NotDavidTennant · 20/11/2018 11:57

In my experience, people who put pressure on themselves to be successful are often motivated by an intense fear of failure. Therefore they don't want to admit failure if they can avoid it.

OverTheHedgeSammy · 20/11/2018 12:35

Cool - Oh I know. The fact is MOST people are unable to be truly supportive and non judgmental. I've offended a lot of 'friends' recently when they've got on my nerves with their advice with comments like "Do you REALLY think that what you come up with in your 10 minutes of considering this I haven't thought of in the weeks and months that this has been going on?" I stopped being gentle about it and became quite bitchy.

Strugglingtodomybest · 20/11/2018 12:35

I've nothing to add other than I've found this a very interesting read as I have wondered about this myself in the past.

Hope your flushes have faded now OP Grin

Aridane · 20/11/2018 12:43

Some people prefer not to whinge / overshare / are private.

TinklyLittleLaugh · 20/11/2018 13:05

From my own point of view, I have a very clear memory of crying to my Dad about something serious that was upsetting me and him basically saying, "I don't want to hear this, it makes me too sad." My mum had the kind of anxiety that makes you hide all your problems from her and, as she has got older, has become more closed in and cold.

I'm disabled and I was very bright in school. Life has sometimes been tough and I've dealt with it by employing pretty much major stiff upper lip. People tend to think I am very strong, friends seem uncomfortable if the cracks ever show.

Now my kids are grown up, they point out to me sometimes that I am coming across a bit cold, that I need to stop thinking other people need to toughen up. Behaviour is hard to unlearn though.

BedHair · 20/11/2018 13:27

From my own point of view, I have a very clear memory of crying to my Dad about something serious that was upsetting me and him basically saying, "I don't want to hear this, it makes me too sad." My mum had the kind of anxiety that makes you hide all your problems from her and, as she has got older, has become more closed in and cold.

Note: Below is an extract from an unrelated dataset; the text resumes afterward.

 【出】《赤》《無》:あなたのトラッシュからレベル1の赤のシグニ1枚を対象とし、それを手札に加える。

I absolutely identify with this. My father is on the autistic spectrum, and the last time I actually confided in my parents about something serious a potentially serious foetal normality when I was pregnant with my son when I phoned them to tell them the tests suggested everything was OK, my father started talking over me and talked for ten minutes about how he had reprogrammed an old PC someone had given him. He really doesn't see or hear other people. And my mother is a chronic worrier, and it's really not helpful to me to listen to her telling me that life is a vale of tears and that she was awake at 3 am praying for me. I don't need that kind of unhelpful amplification of my problems.

So I tell neither of them anything, ever.

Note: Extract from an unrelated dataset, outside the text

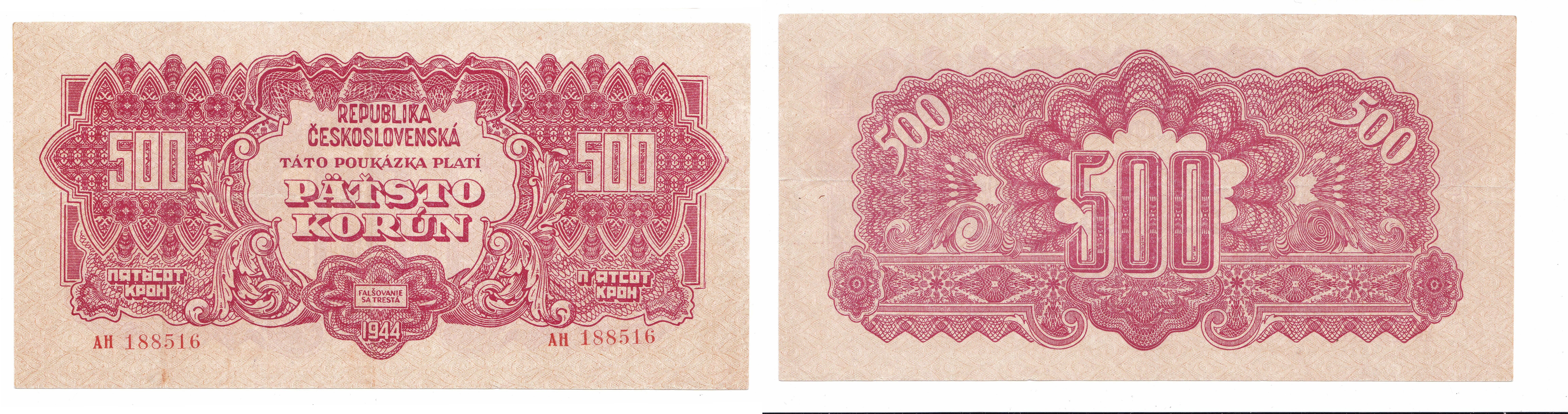 500 Kor. (1944), série AH 188516, Nov.60, Bajer 60

I know my brother and his wife had a miscarriage recently and he told my parents, with the result that in my mother's eyes, the whole thing has escalated into Tragic Barren Childlessness (when it was their first attempt to have a baby, and there's no indication at this point it's anything more), and he wishes he'd said nothing because all you get back is your own troubles made far worse by someone else's doomy imagination.